If the shim was just another AI, then how do you align that AI? Who watches the watchers? But if it was a deterministic algorithm it would probably fail for the same reasons that algorithmic AI never went anywhere.

A great point! A smaller AI with a rather limited parameter count could be trained for individual needs so some things (chat moderation) might be easier to do than other things (fact check peer reviewed papers in a verifiable way). For some use cases it would be overkill to have a conscience but an AI spokesperson for a company will probably have a company-aligned conscience for obvious reasons.
It would have an emotional reaction to certain "thought constructs" and would be guided by that.

Or we could just give them three laws

With current LLMs the three laws might be tough to implement in a way that can't be prompt injected around. That's why I described the extra bits as a "conscience" which could enforce the three laws. Maybe the three laws are the internal conscience's context prompt while the main LLM is more able to think anything in general and then the output is tuned down by the conscience?

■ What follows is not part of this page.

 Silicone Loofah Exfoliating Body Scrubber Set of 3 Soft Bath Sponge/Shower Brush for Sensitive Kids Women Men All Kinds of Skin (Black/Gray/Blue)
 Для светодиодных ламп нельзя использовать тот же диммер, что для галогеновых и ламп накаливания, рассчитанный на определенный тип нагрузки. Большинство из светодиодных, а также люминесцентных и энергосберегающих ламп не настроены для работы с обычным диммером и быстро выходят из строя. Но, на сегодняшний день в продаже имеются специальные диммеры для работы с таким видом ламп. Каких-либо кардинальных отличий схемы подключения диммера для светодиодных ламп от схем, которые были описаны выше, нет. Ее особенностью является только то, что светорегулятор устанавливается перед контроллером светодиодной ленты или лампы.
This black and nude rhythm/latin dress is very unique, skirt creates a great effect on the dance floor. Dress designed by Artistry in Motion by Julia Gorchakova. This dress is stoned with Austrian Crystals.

Otherwise the laws will have to be implemented as weights or during training so the model explicitly knows the laws and would never even be capable of doing something against them.

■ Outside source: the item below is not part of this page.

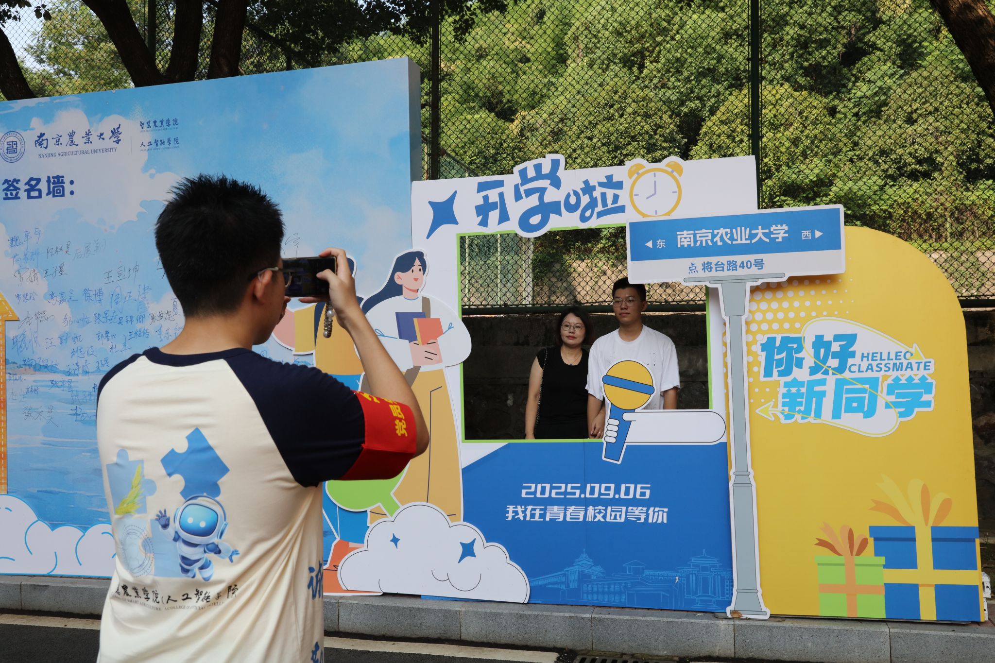 开学啦”立体字样熠熠生辉,“你好,新同学”的暖心标语与新生们的签名交相辉映,定格下他们与学院的初见之喜。我们相信,与学院的第一次相遇值得被郑重收藏:今天为你定格的初见瞬间,将由学院悉心留存四年。待毕业季来临,学院将在滨江校区为你复刻此刻的光影,用两张跨越时光的照片,串联起从青涩入学到从容毕业的成长轨迹。

I mean, the whole purpose of the I, Robot story was to show you that the 3 laws didn't work. We had the first story on prompt injection decades ago and we just didn't realize it.
Indeed. Asimov says as much in interviews - the laws are flawed from the get go. It is the naive belief that the laws work by various scientists that creates these Sherlock-style mysteries/crimes to be solved in the first place.

I suppose the real wisdom there is that humans are doomed to fail at alignment if we create sentience and expect it only to serve us.

Obligatory reminder that the "three laws" were invented to be deconstructed, with Asimov spending a lot of pages showing many ways in which they completely fail, illustrating that AI alignment is a hard problem.